The process of going through a divorce is not what technically causes a person’s credit score to go down. A person’s divorce is not considered when a person’s credit score is calculated, and the fact that a person is divorced does not in itself affect a person’s score. However, in a Pennsylvania divorce marital property is equitably divided between the divorcing spouses, and so are the marital debts.

A court may order one spouse to be responsible for paying off certain debts on joint accounts that the couple held. When the court does this, that spouse becomes legally responsible for that debt, and the other spouse can hold him accountable for not paying the debt. Unfortunately, the divorce decree does not invalidate a prior contract between both spouses and the creditor.
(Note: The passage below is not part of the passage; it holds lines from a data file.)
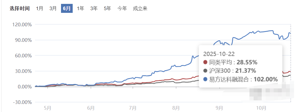 现如今行情均衡配置感觉更契合当前市场行情吧?我看易方达-科融混合这里配置科技、新能源、军工等赛道,业绩上近6个月收涨102.00%还是蛮香的呀~而且我看这的基金经理能力强,回撤控制能力强,现如今的震荡行情之下咱还是多一些耐心,期待回暖行情吧~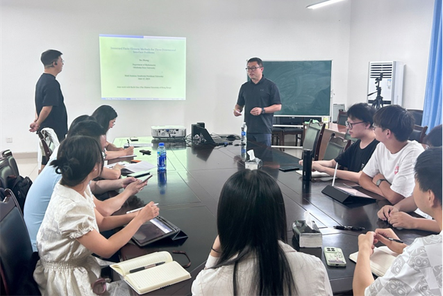 6月17日上午,美國俄克拉荷馬州立大學張旭教授應邀到我院作了題為“Immersed Finite Element Methods for Three-Dimensional Interface Problems”的學術報告。本次報告由副院長閔超教授主持,學院部分教師、研究生聆聽了講座。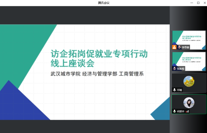 为贯彻落实党中央、国务院关于高校毕业生就业工作的决策部署,进一步访企拓岗,7月10日晚上19:00,武汉城市学院党委书记王军教授,经济与管理学部工商管理系主任何舒卉、工商管理系教师张航程、李思蕾等与武汉链家宏业房地产经纪有限公司在腾讯会议上开展了线上座谈。本次会议由工商管理系主任何舒卉老师主持。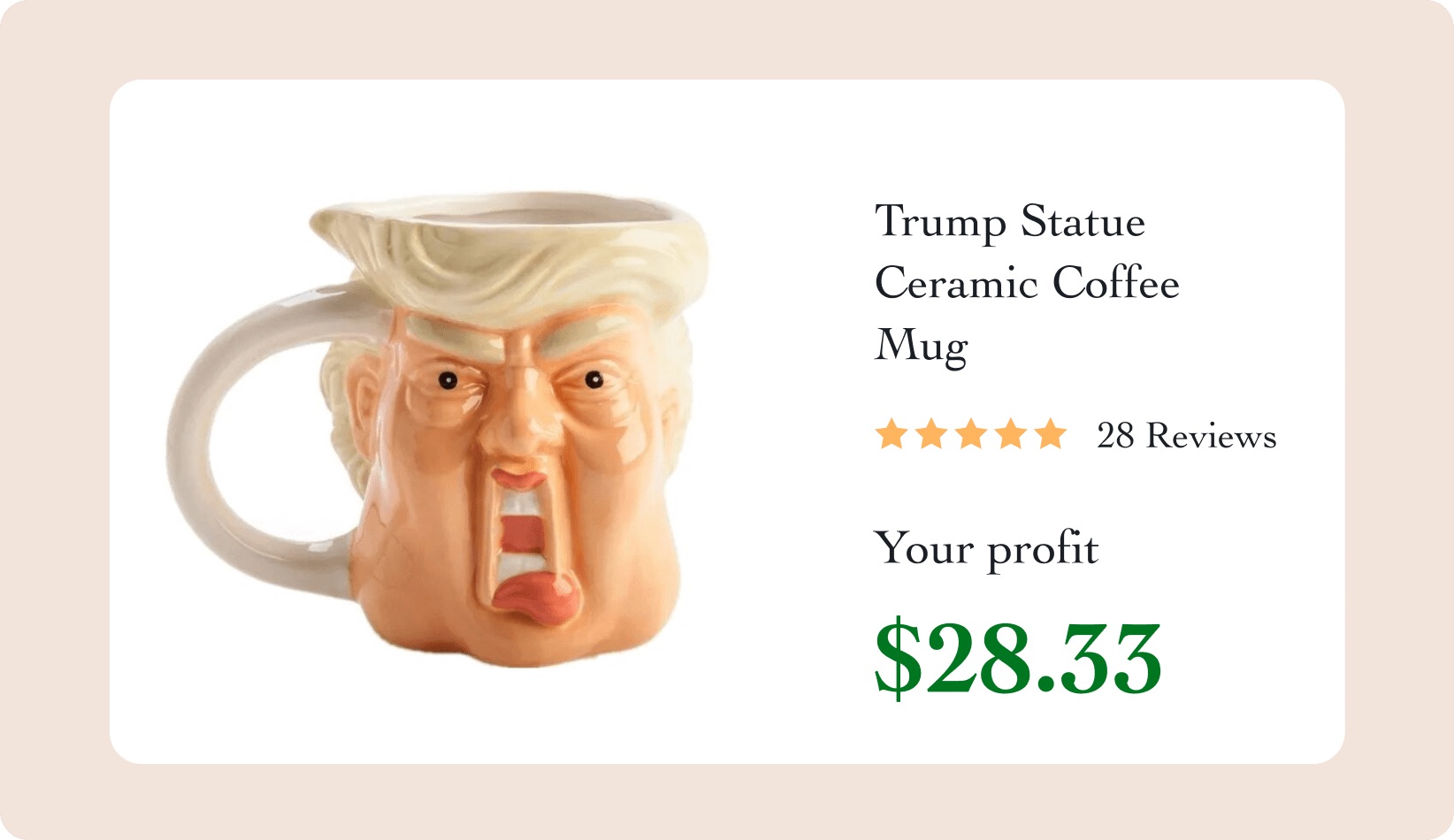Offer a unique item with this Trump statue coffee mug. It’s great for collectors and those interested in political memorabilia.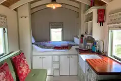 Traditional heated shepherd's hut with a double and sofa bed. A kitchen area equipped with a hob, fridge, tea and coffee facilities and all the crockery and utensils you'll need. Outside is a seating area. Shared facilities nearby.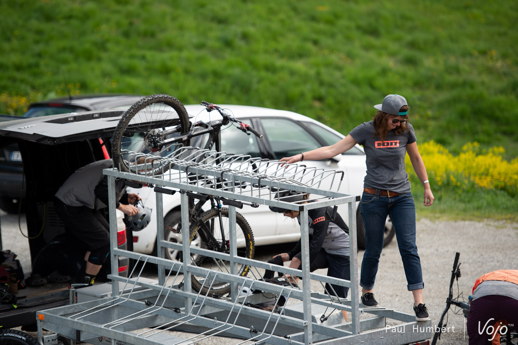Première étape du baptême du feu d’Olivia, accrocher nos vélos. Quelques jours avant de recevoir le beau camion qui lui servira de navire amiral, nous lui laissons l’occasion de se faire la main sur nos vélos en les accrochant à la remorque qui sera également de la partie tout l’été. 27,5, 29 pouces, gros pneus, petit pneus, Olivia passe l’épreuve avec brio.

So if the spouses are jointly named as account holders on a line of credit, they both still remain responsible for that debt even after a judge orders one spouse to pay it in the divorce.

If the spouse who is ordered to pay the debt fails to do so, the lender reports the missed payments and both spouses’ credit scores are affected. This is why it is important for both spouses to keep track of the arrearage on a joint debt even if the other spouse was ordered to pay it. If the spouse who was not assigned the debt in the divorce sees that the other spouse is not paying it, she can pay the debt off and then legally pursue the money from the non-paying spouse.

Another approach could be to refinance each debt that is assigned to the other spouse in order to be removed as a joint owner, so that any missed payments do not affect you. Note that closing down or being removed from an account that is your oldest line of credit can negatively affect your credit score because the length of your credit history is considered in calculating your score. Therefore, it is important to weigh the pros and cons of this approach.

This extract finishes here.